**Exercise:**
In the records below, find the line with "禧宴集团凭借30个宴会厅的规" and the line with "Featuring a non-rechargeable"; return exactly those lines and every line between them.

**Data supplied:**
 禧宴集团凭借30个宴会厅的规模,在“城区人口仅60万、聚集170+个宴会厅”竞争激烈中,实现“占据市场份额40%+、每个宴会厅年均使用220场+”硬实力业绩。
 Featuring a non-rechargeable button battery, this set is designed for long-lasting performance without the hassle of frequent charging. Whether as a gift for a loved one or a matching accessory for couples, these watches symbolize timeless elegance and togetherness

==

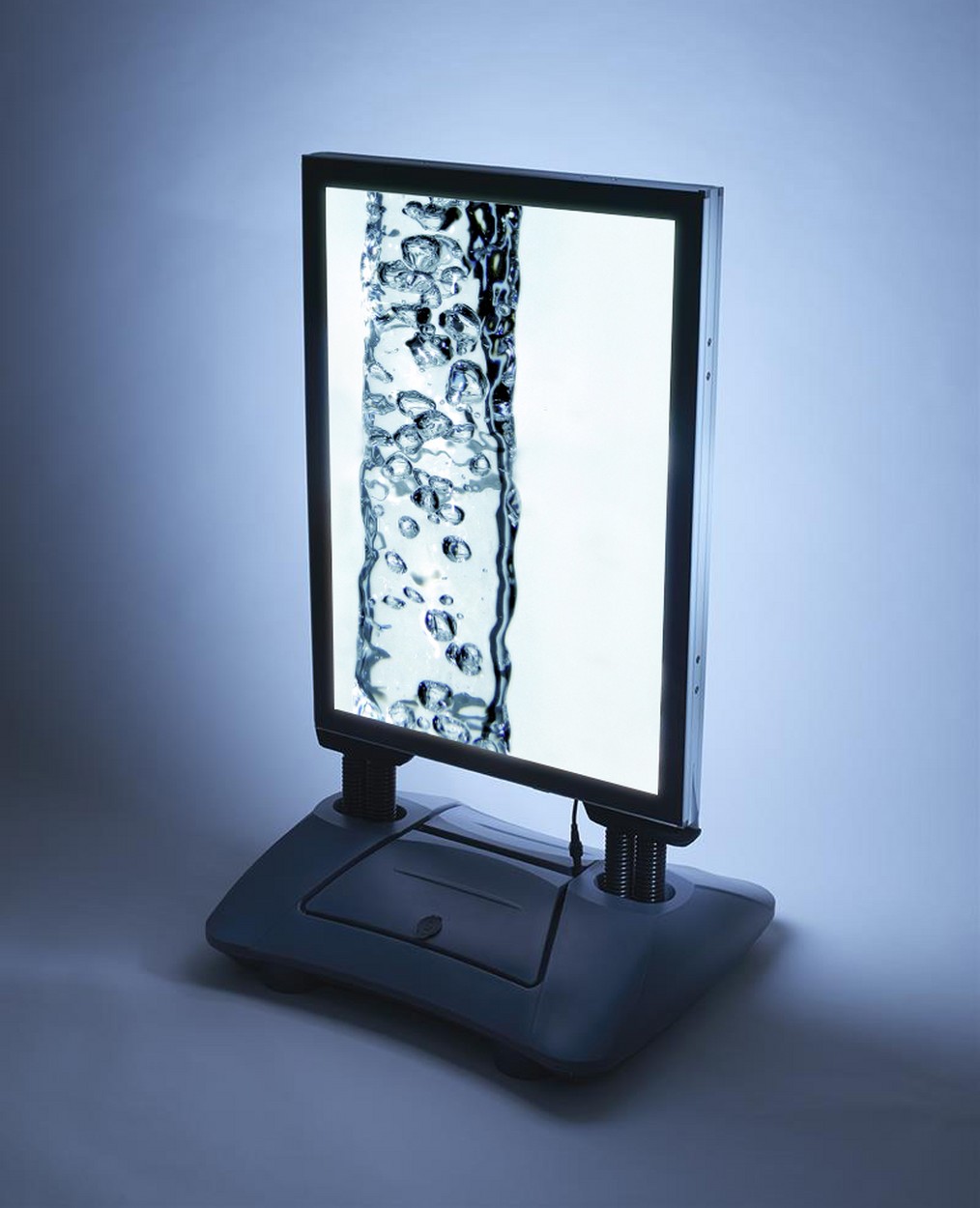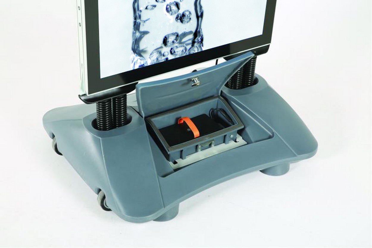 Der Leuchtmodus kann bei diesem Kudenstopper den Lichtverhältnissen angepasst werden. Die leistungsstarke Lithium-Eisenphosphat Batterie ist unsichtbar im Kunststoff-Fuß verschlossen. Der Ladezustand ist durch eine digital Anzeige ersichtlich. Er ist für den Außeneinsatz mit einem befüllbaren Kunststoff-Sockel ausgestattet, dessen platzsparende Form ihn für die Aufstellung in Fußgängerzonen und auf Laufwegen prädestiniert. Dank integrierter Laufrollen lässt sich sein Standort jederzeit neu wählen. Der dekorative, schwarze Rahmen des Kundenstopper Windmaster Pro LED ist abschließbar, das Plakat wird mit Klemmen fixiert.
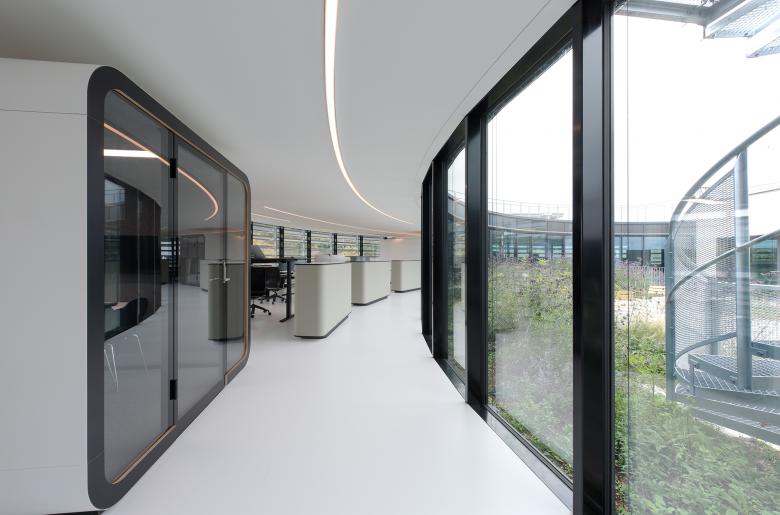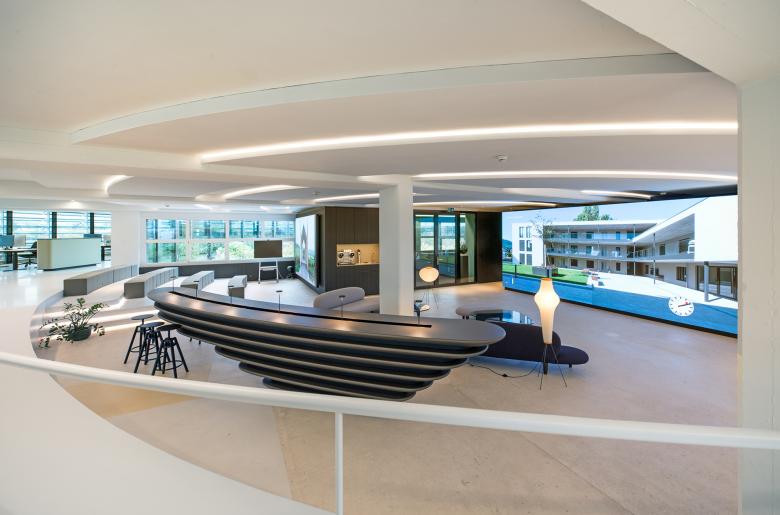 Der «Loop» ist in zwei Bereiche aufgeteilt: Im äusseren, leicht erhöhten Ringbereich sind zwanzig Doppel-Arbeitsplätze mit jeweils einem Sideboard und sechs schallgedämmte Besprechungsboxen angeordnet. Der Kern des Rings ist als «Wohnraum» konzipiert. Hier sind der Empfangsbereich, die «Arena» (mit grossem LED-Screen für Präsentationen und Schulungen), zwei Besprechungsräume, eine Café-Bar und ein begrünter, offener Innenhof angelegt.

**Task response:**
 禧宴集团凭借30个宴会厅的规模,在“城区人口仅60万、聚集170+个宴会厅”竞争激烈中,实现“占据市场份额40%+、每个宴会厅年均使用220场+”硬实力业绩。
 Featuring a non-rechargeable button battery, this set is designed for long-lasting performance without the hassle of frequent charging. Whether as a gift for a loved one or a matching accessory for couples, these watches symbolize timeless elegance and togetherness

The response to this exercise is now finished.